ESAP Regulation: central database for financial and sustainability information
The European Single Access Point (ESAP) is intended to create a central database for public financial and sustainability information. The aim is to make it easier for investors to access company data, to better integrate capital markets and to increase transparency. The plan is to gradually incorporate and provide the information and functions. No new information obligations will be introduced, but uniform requirements for the form of provision and the specification of certain metadata are envisaged.
Digital euro – setting the course in 2026
The Eurosystem is continuing to work on the introduction of a digital euro. The digital euro is intended to complement traditional cash – as digital central bank money issued by the European Central Bank (ECB). The digital euro is intended to create a secure, simple and efficient payment option alongside cash and existing electronic means of payment. At the same time, it aims to modernise payment transactions in the eurozone and strengthen the independence of the European payment system.
With the completion of the preparatory phase, the Eurosystem moved on to the next phase of the digital euro project in November 2025. In addition to the technical preparatory work and cooperation with market participants in analysing the innovation potential of the digital euro, the EU is developing a legal framework for the digital euro based on the European Commission's initial legislative proposal from 2023.
With the assistance of the Rulebook Development Group, a draft set of rules has been drawn up that establishes uniform rules, standards and procedures to ensure that the digital euro functions in the same way throughout the eurozone. This draft is currently being negotiated in both chambers – the Council of the European Union and the European Parliament. The European Parliament's Committee on Economic and Monetary Affairs (ECON) has set itself the goal of developing its own position by the second quarter of 2026. This will be followed by further negotiations in the "trilogue". Only after the EU legislature has enshrined the digital euro in law can the ECB decide to issue it. If the EU co-legislators adopt the regulation on the introduction of the digital euro in 2026, a pilot project and initial transactions could take place from mid-2027. The entire Eurosystem should then be ready for a potential first issue of the digital euro in 2029. Market participants should prepare for this development at an early stage.
European monitoring of critical ICT third-party service providers under DORA
A key element of the Digital Operational Resilience Act (DORA) is the introduction of a uniform European supervisory framework for critical ICT third-party service providers. This is the EU's response to the financial sector's growing dependence on external IT service providers, whose failings can have a significant impact on the stability of the financial market.

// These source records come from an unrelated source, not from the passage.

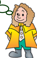
本学マスコットキャラクター ラマティ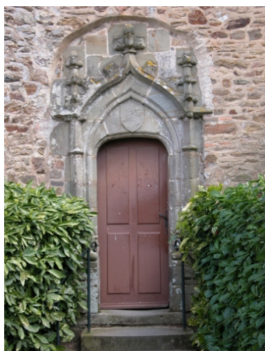
Détail : porte ; transept nord, mur ouest IVR53_20043503909NUCA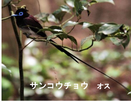
サンコウチョウ オス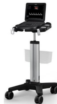
装置本体を Edge II スタンド (オプション) に装着時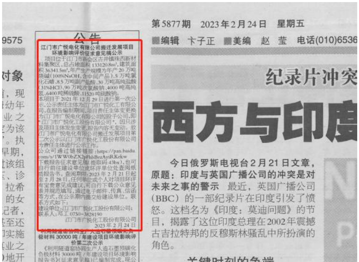
图 3-2 (1) 第二次环保公示报纸公示 (2023 年 2 月 24 日)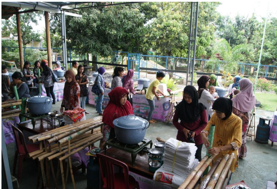
Gambar 9 : Kegiatan Peserta LKP Batik Siger Yayasan Sari Teladan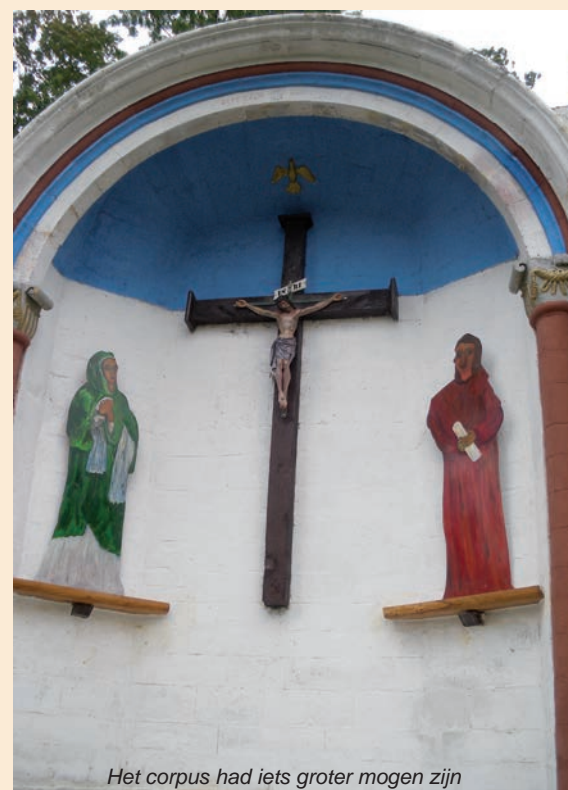
Het corpus had iets groter mogen zijn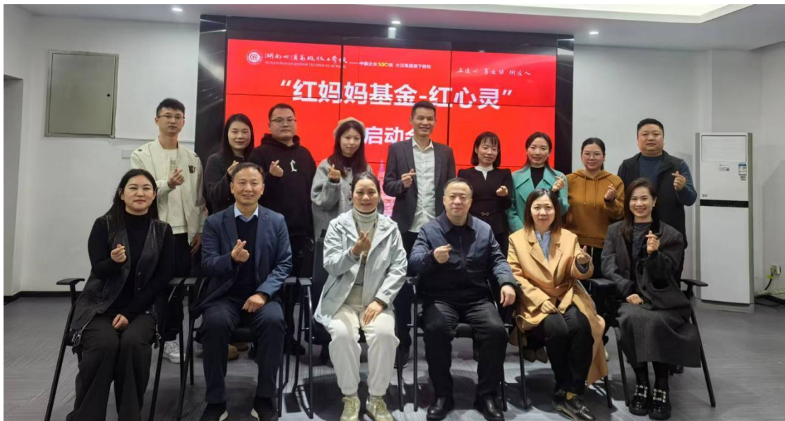
图13：红心灵启动仪式

老师在校值班，确保心理咨询服务的常规化与可及性。预约：通过线上预约系统、心理咨询室门口预约表或班主任转介等多种方式进行预约，保护学生隐私。线上心理信箱：设立匿名“树洞”心理信箱，为学生提供一个低门槛的初始求助渠道，由心理老师定期回复。紧急联系通道：建立针对心理危机的紧急联系通道，确保特殊情况能得到及时响应。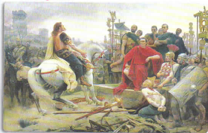
Vercingetorix își aruncă armele la picioarele lui Iulius Cezar, de Lionel Royer

Căderea Alesiei și capturarea lui Vercingetorix a marcat cucerirea romană a Galiei Libere. Legenda spune că Vercingetorix s-a predat într-o manieră impunătoare: a ieșit din Alesia și a făcut înconjurul taberei lui Cezar călare, înainte de a-și arunca armele la pământ la picioarele lui, dându-și jos armura și îngenunchind în fața împăratului. A stat în închisoarea de la Tullianum din Roma cinci ani, înainte de a fi expus public la parada triumfală a lui Cezar din anul 46 î.H. A fost executat după paradă, probabil prin strangulare în închisoare, așa cum era tradiția.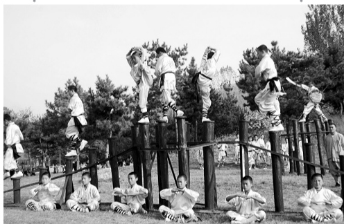
▲少林迎宾式之少林绝技表演

一部《少林寺》电影，让无数人记住了少林牧羊鞭。在迎宾队伍上，40人集体少林牧羊鞭表演，声震云霄，令人振奋。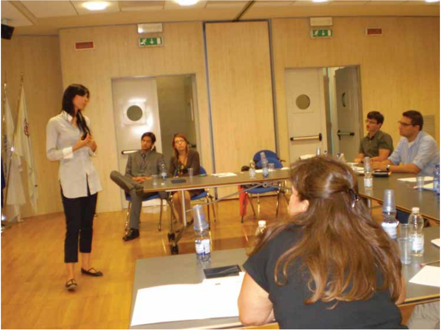
Пројекат ЕНЕРГИС у студијској посети Падови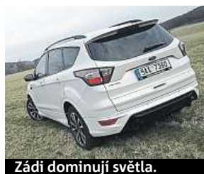
Zádi dominují světla.

Tomu autu nic nechybí. Větší kufr se 456 litry a dostatek prostoru na zadních sedadlech potěší rodiny. Řidičky, které mají rády na silnici přehled, zase ocení vysoký posez a dobrý výhled ven.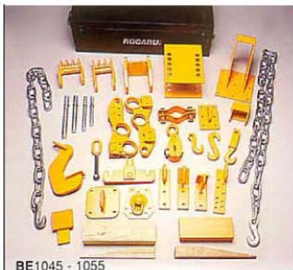
BE1045 - 1055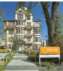
Eingang Business School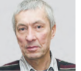
ЮРИЙ КОЗЛОВ ПИСАТЕЛЬ, ГЛАВНЫЙ РЕДАКТОР «РОМАН-ГАЗЕТЫ»

In future, oversight will be the responsibility of one of the European supervisory authorities (EBA, ESMA or EIOPA), but only for providers that are classified as critical due to their market position or importance for key financial services. The European Commission will designate these providers
on the basis of objective criteria, such as the number and type of regulated financial companies that use their services and the potential impact of a disruption on financial stability. Which supervisory authority is responsible will depend on the sector in question (banks, investment firms or insurance companies).
The supervisory authorities will be given extensive powers to inspect, audit and order measures. In the event of continued violations, they may recommend that the regulated financial institutions terminate their contractual relationships with non-compliant providers. In addition, penalties may be imposed to ensure compliance with orders. These can amount to up to 1 % of the average daily global turnover of the previous financial year for each day of non-compliance.